─── Source data

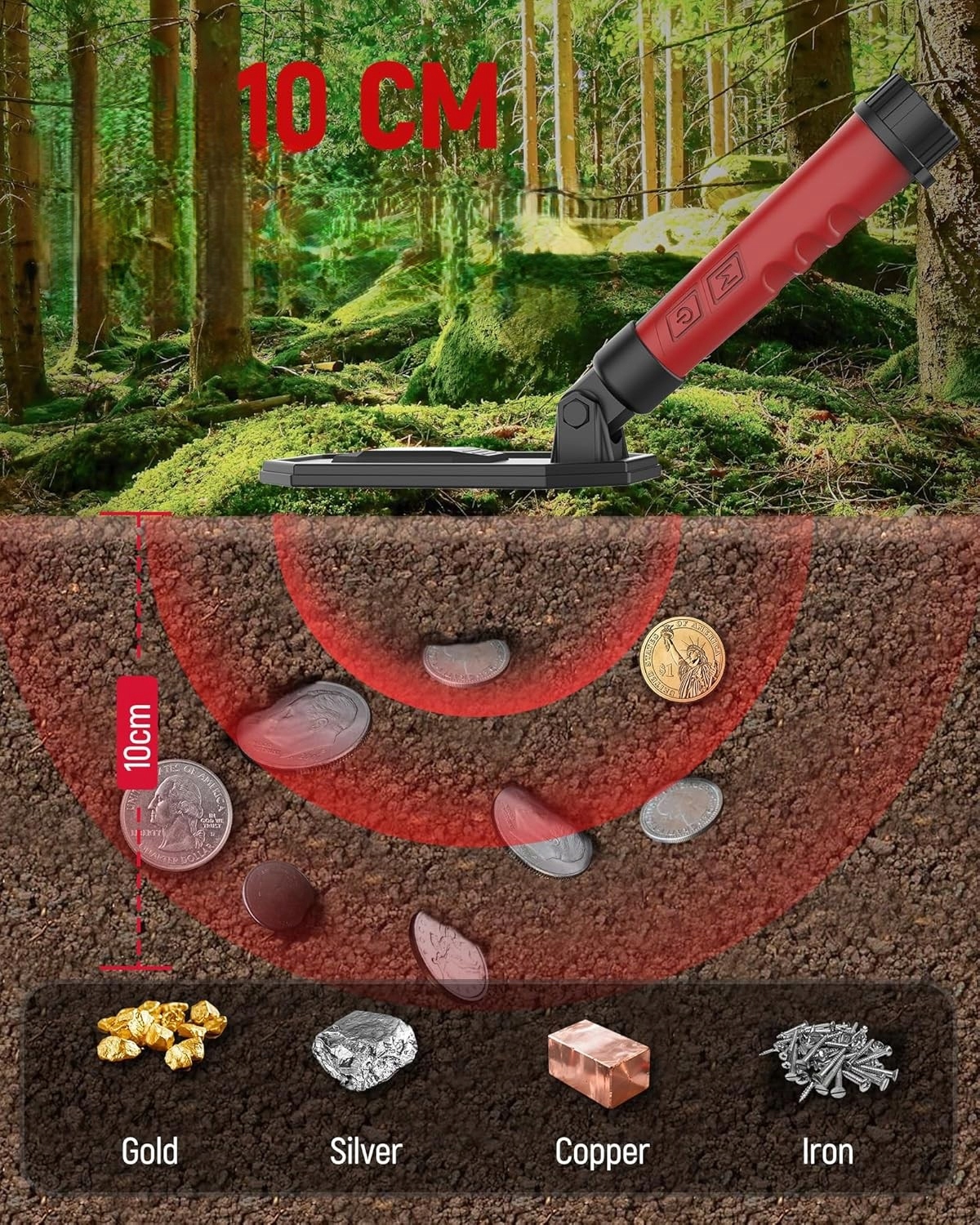 - 【Инновационное шумоподавление】В нашем металлодетекторе используется технология импульсной индукции, также известная как металлодетектор PI, которая посылает сильноточные сигналы через медную катушку, генерируя электромагнитные поля. По сравнению с непрерывными волнами (ОНЧ), излучаемые индуктивные сигналы сильнее и более устойчивы к помехам в подводной среде и высокоминерализованных грунтах.
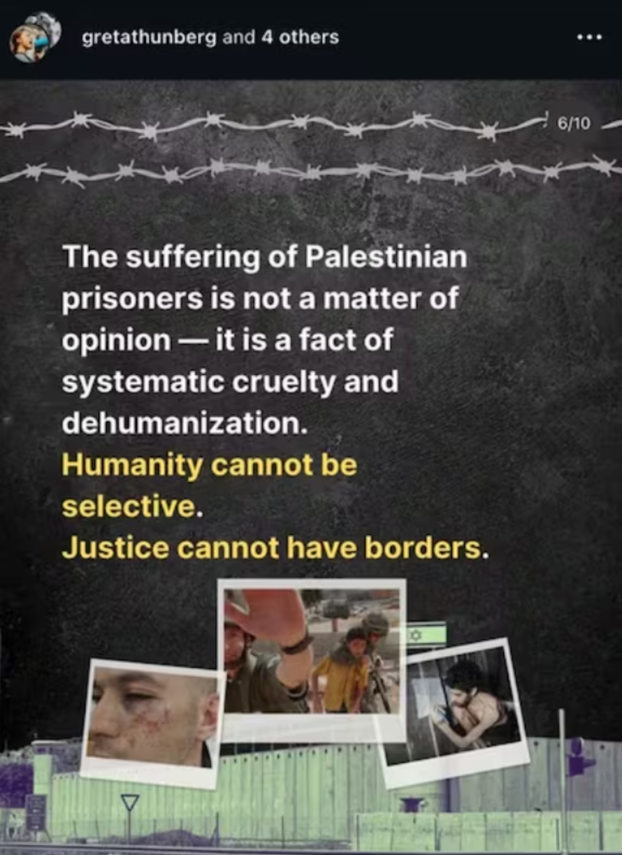 Thunberg, una defensora de la causa palestina, hizo la publicación hace par de días en su cuenta de Instagram. La activista denunció la situación de unos 11.000 prisioneros palestinos y publicó varias fotografías.
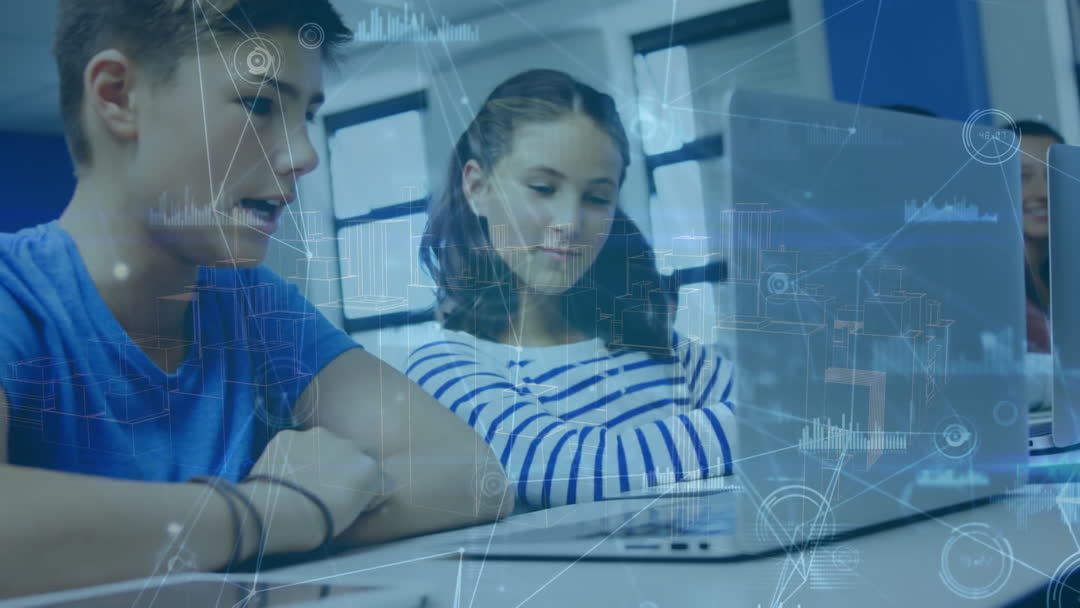 Students engaged in digital learning shown with an overlay of network connectivity graphics, suggesting the blend of technology and education. Perfect for topics on modern educational methods, technology integration in education, or collaborative learning environments. Useful for educational blogs, tech-focused classroom settings, and student engagement resources.
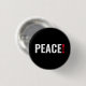 Botão de pino do botão de protesto anti-guerra preto branco e texto vermelho em preto.
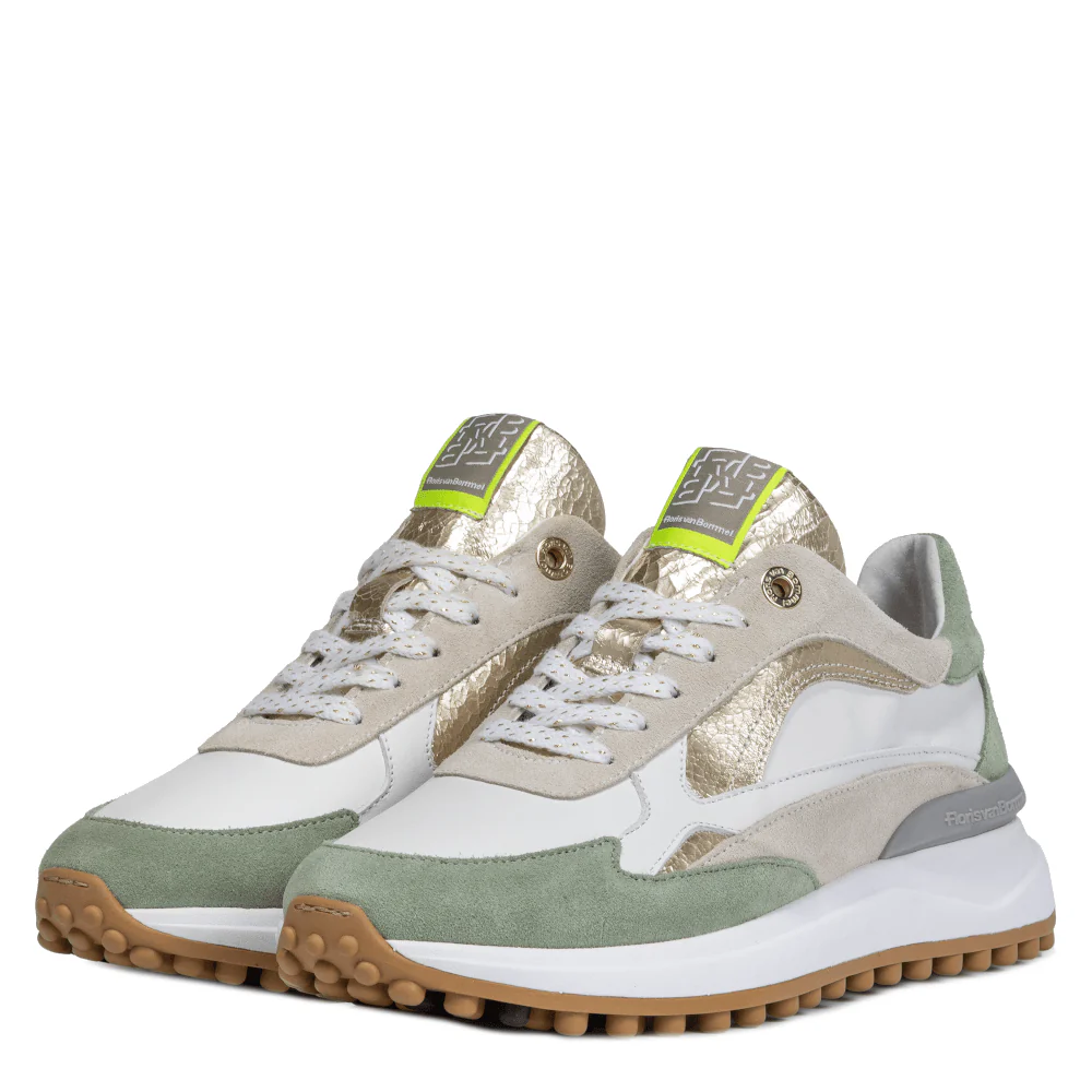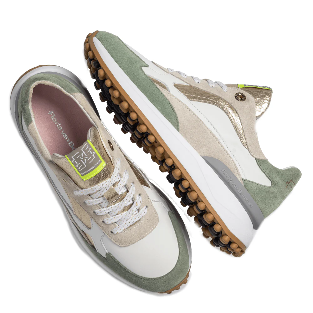 Maak kennis met het toppunt van stijl en comfort: de Floris van Bommel Noppi veterschoenen in het groen. Deze moderne klassieker combineert een eigentijds design met het ongeëvenaarde comfort dat je van Floris van Bommel mag verwachten. Met een lichtgewicht zool, voorzien van een uniek noppenpatroon met een kleurrijk detail, onderscheidt deze schoen zich meteen. Het vakmanschap is terug te zien in elk detail, van de hoogwaardige lederen voering tot het uitneembare voetbed. Deze mix van functionaliteit en stijl maakt de Noppi sneaker tot een essentieel onderdeel van elke garderobe.
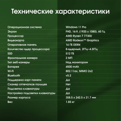 | Объем твердотельного накопителя (SSD) | 512 ГБ |
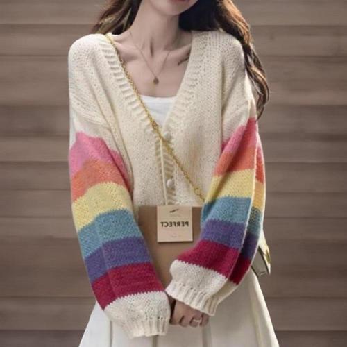 |CCJ6C02|여성용 데일리 여리핏 무지개 감성 니트 가디건
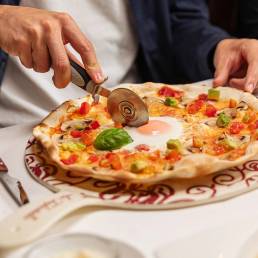 Las pizzas, cocinadas en horno de leña, son crujientes y están llenas de ingredientes frescos y deliciosos. Además, ofrecen ensaladas, risottos y platos de carne que complementan perfectamente la experiencia gastronómica.

──────

Problem statement - Please reproduce exactly and only the lines from the first line of the records through the line containing "Students engaged in", both included, omitting any pictures.

Answer below -
 - 【Инновационное шумоподавление】В нашем металлодетекторе используется технология импульсной индукции, также известная как металлодетектор PI, которая посылает сильноточные сигналы через медную катушку, генерируя электромагнитные поля. По сравнению с непрерывными волнами (ОНЧ), излучаемые индуктивные сигналы сильнее и более устойчивы к помехам в подводной среде и высокоминерализованных грунтах.
 Thunberg, una defensora de la causa palestina, hizo la publicación hace par de días en su cuenta de Instagram. La activista denunció la situación de unos 11.000 prisioneros palestinos y publicó varias fotografías.
 Students engaged in digital learning shown with an overlay of network connectivity graphics, suggesting the blend of technology and education. Perfect for topics on modern educational methods, technology integration in education, or collaborative learning environments. Useful for educational blogs, tech-focused classroom settings, and student engagement resources.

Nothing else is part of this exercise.